A final version of the report, by BioResource Consultants of Ojai, California, is due out later this month, but its primary conclusions are unlikely to change. It finds that the number of wind turbines in a specific location -- there are about 5400 turbines spread across the hills at Altamont Pass -- is less important when predicting the number of birds killed by rotors than is the total swept area of the rotors. Repowering involves the removal of wind turbines installed in the 1980s and 1990s and their replacement by larger turbines, resulting in a reduction in the number of machines by as much as ten to 15 times. But the total swept area of the larger and more efficient wind turbines would remain the same as that of the many smaller machines, the report concludes.
The report also says that the use of tubular towers instead of the lattice towers common at Altamont does not reduce the danger to birds. "Based on these two factors, one could presume that there will be little effect on the number of bird kills in the Altamont," says Karin Sinclair of the National Renewable Energy Laboratory. How the new turbines are sited, however, could have an impact on avian deaths in the pass, she says.
Jeff Miller of the Center for Biological Diversity (CBD) says location issues are paramount. His group filed a lawsuit in January against FPL Group Inc, parent company of FPL Energy, and NEG Micon, FPL's partner in its Altamont Pass Wind Resource Center (WRC) holdings (Windpower Monthly, February 2004). CBD claims WRC turbines kill too many raptors, most of which are protected by state and federal wildlife agencies and by federal law.
Miller says the group filed the lawsuit because Alameda County's East County Board of Zoning Adjustments approved new long term conditional use permits for Altamont Pass wind farms without requiring a plan to tackle the avian mortality problem. The board finished approving all the permits in January.
"It definitely was a mistake" to build the wind farm at Altamont Pass, he says. "But that's not to suggest it should be shut down," adding: "There are some lessons to be learned from this by the wind industry." The report, he says, could have an influence on how repowered turbines come online, but during repowering the wind industry could also use it as a way to study turbine size, location and groupings to see what is lethal to birds and what is not.

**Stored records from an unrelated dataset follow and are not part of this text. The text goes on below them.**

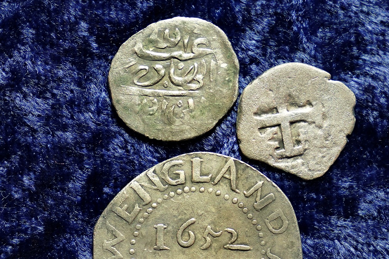 Waving a metal detector over the soil, he got a signal, dug down and hit literal paydirt: a darkened, dime-sized silver coin he initially assumed was either Spanish or money minted by the Massachusetts Bay Colony.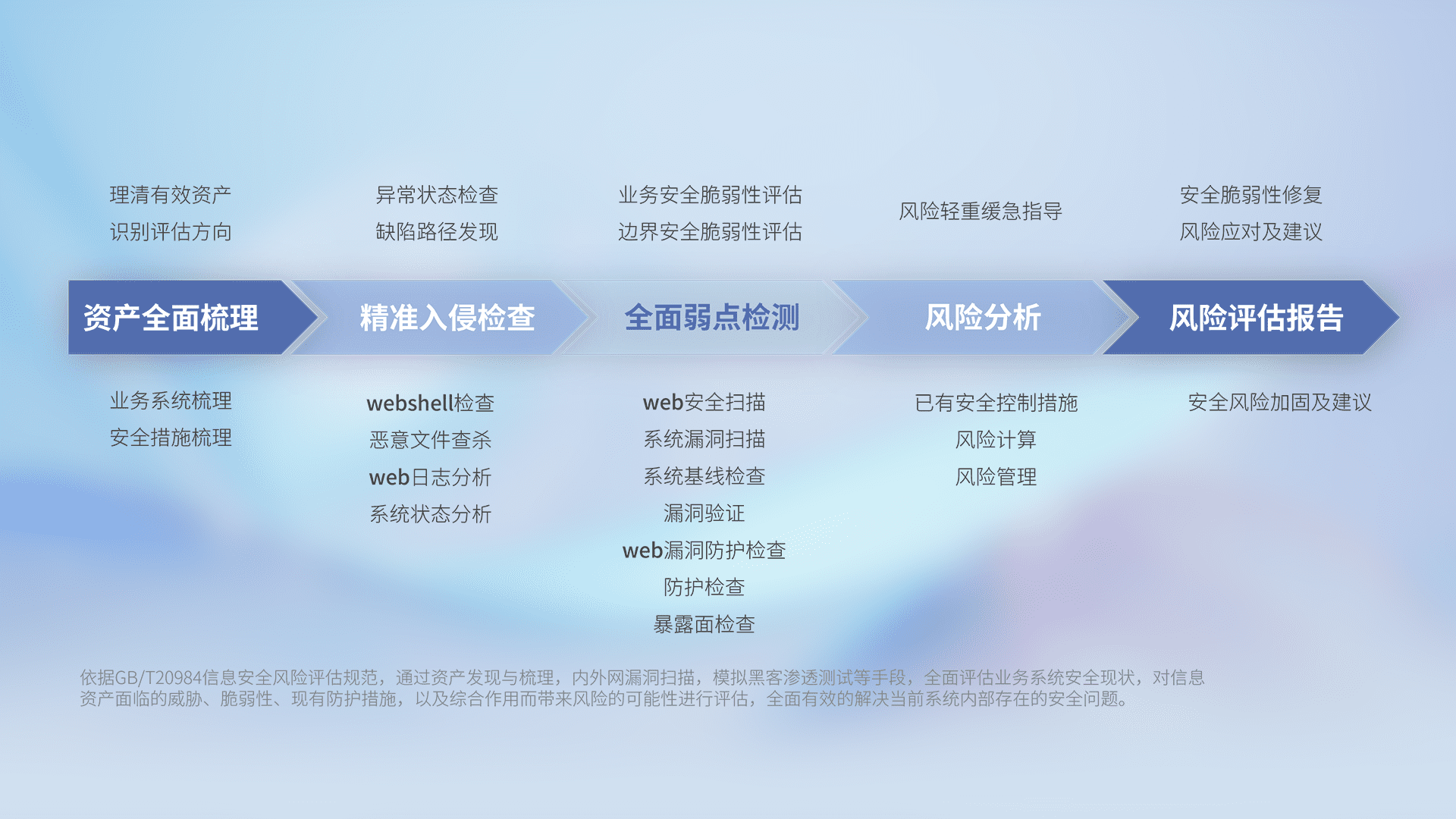 针对客户行业特性,,,,以专业的安全服务+多厂商联合解决方案提供专属的一站式安全管理服务,,帮助客户全面感知网络空间威胁,,,,基于识别、、、检测、、分析、、、、防护、、、监测、、、响应的服务理论模型,,从方案咨询、、、集成交付、、、、评估验证、、优化加固、、运维运营,,,致力于为客户提供完整的闭环管理式安全服务。。以实战经验为客户打造高抵御风险的安全体系,,,帮助客户发现威胁、、、、对抗威胁、、处置威胁,,,,不断积累安全对抗能力,,,,持续保障数字化安全。。。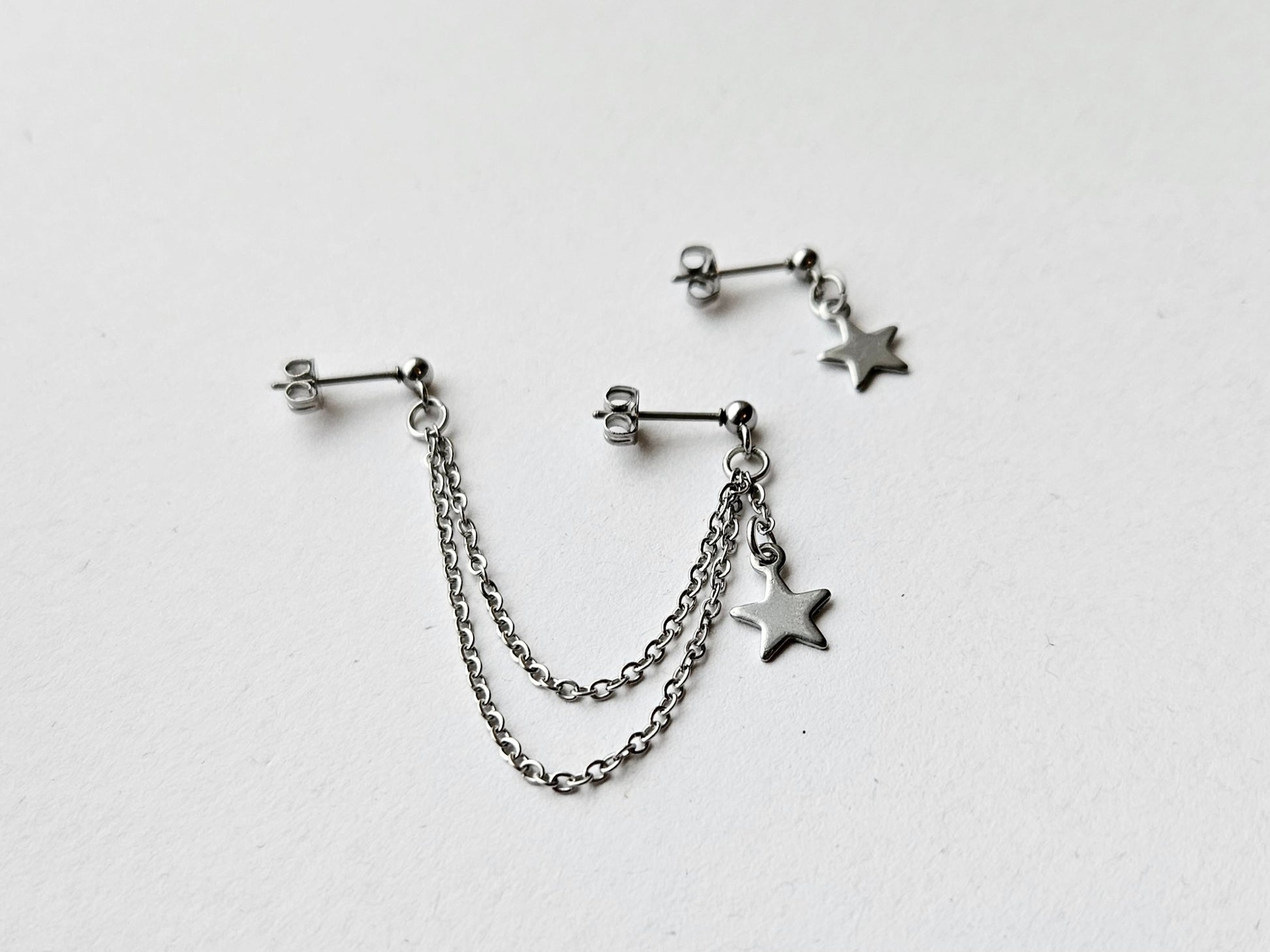 Star Charm Stainless Steel Double Chain Helix Cartilage to Lobe Earring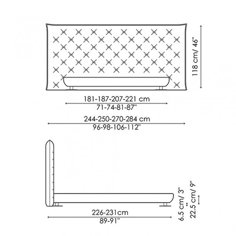 Full Moon es una cama doble con una cabecera opulenta que, gracias a su refinado acolchado capitoné, enmarca la cama y otorga una sensación de abundancia y suavidad, reiterada por el marco de la cama drapeado. Otro detalle distintivo son las patas de metal pintado, de forma circular, disponibles en una serie de variaciones de color.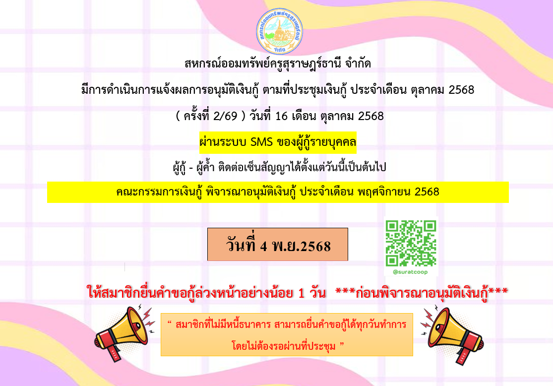 วันที่เรียกเก็บใบเสร็จประจำเดือน ตุลาคม 2568 => บำนาญ 24 ตุลาคม สมาชิกปกติ 28 ตุลาคม เอกชน/อื่นๆ 30 ตุลาคม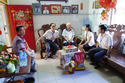 伍国樑校长和工会陆武昌主席慰问退休老教师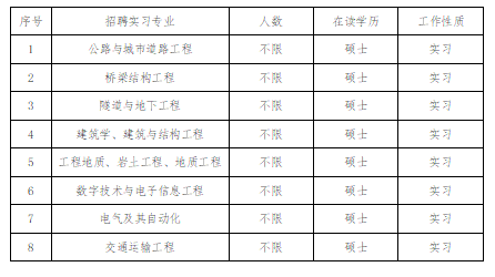 湖南省高速公路集团有限公司(以下简称“集团公司”)是经省人民政府批准设立的功能类国有控股公司,注册资本300亿元,拥有全资、控股二级公司40多家。湖南高速设计咨询研究院有限公司(以下简称“设计院”)是集团公司下属二级全资子公司,注册资金600万元,具备公路行业(公路、特长隧道)专业甲级资质、市政行业(道路工程、桥梁工程)甲级资质、工程勘察专业类(岩土工程、工程测量)甲级资质、工程咨询(公路)甲级资信。公司主要业务为各级公路工程的勘察设计、市政道路与桥梁勘察设计、工程可行性研究、技术咨询。因公司业务发展需要,竭诚希望更多英才加盟,共创美好未来!丰富、精彩的实习安排,带你深度走进湖南高速设计咨询研究院有限公司,打开职场大门,体验湖南高速设计咨询研究院有限公司的企业文化、提升职场工作技能、与职场前辈面对面交流、体验团队合作之美、感受魅力星城,提前锁定湖南高速设计咨询研究院有限公司年度秋招Offer。2.投递方式:采用网上投递方式,有意向应聘实习的人员请登录湖南省高速公路集团有限公司官网,查阅招聘信息,进行网上投递。3.投递要求:下载并准确、完整、规范填写《湖南高速设计咨询研究院有限公司公开招聘实习人员信息登记表》,将应聘实习人员信息表以“姓名+实习专业+长沙市人才网公众号”格式命名,并作为邮件主题,发送到邮箱(15301303@qq.com)。应聘实习人员应对所提供材料的真实性负责,凡提供虚假材料或隐瞒有关招聘禁止情形的,一经查实,将予以清退。联系人及联系方式:龙先生(15116252328)、陈女士(18908491122)八、其他本招聘公告未尽事宜由湖南高速设计咨询研究院有限公司人力资源部负责解释。注:应聘时请说明来自“长沙市人才网”公众号
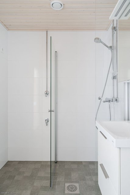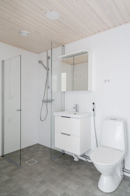 - WC-istuin, suihku, suihkuseinä, pesukoneliitäntä, peilikaappi, pesuallas, allaskaappi, lattialämmitys, ja bidee-suihku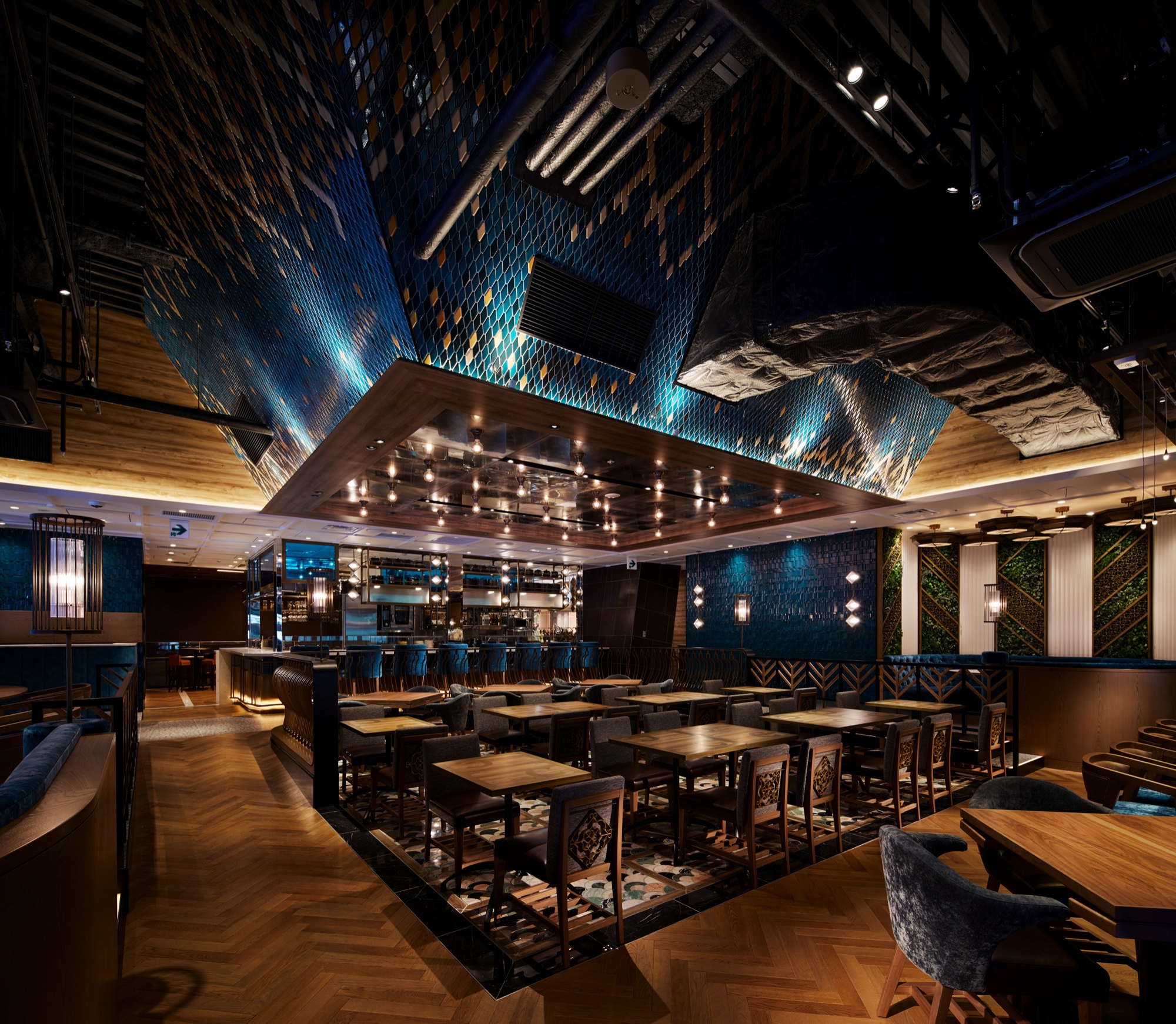 The goal was to create an upscale restaurant that was also comfortable enough for people to visit several times a month. Our goal was to evoke the senses through color, texture, and pattern while remaining true to Indian culture’s deep-rooted heritage. The colors and textures of indigo allude to how the original textiles were dyed and processed generations ago. The combination of these elements and more refined details results in a space that is both sophisticated and welcoming.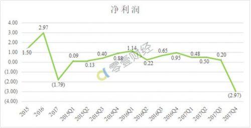 新力金融在2015年、2016年、2017年分别实现净利润1.50亿元、2.97亿元、-1.79亿元,首度出现亏损。从季度数据可以看出,新力金融在2016年第一季度净利润为1.14亿元,为季度最高。2017年第四季度净利润为-2.97亿元,为季度最低也是首次为负,是因为新力金融财富减值3.35亿元。

Removing the most lethal turbines would be a big step, Miller says. In addition, he suggests changing grassland management and attempting to site turbines with each species of bird in mind. Some birds like the valleys and dips in the landscapes, while others, such as golden eagles, like the ridge tops. With these siting changes, he predicts bird mortality would drop 30% to 50%.
What the industry finds in its avian research in the Altamont Pass could be applied to other areas, says Sinclair. Although the research is specific to the Altamont area, "We believe the findings may have broad applications for future facilities around the world, or so we hope. In other words, proper siting appears to be key to minimising avian impacts."
Based on five years of studies and avian surveys, the report also concludes that the number of birds killed by wind turbines at Altamont Pass is twice as many as previously reported. Previous reports pegged the total deaths since the project's construction at about 10,000 birds, but the report says as many as 20,000 would be a more accurate number of bird deaths.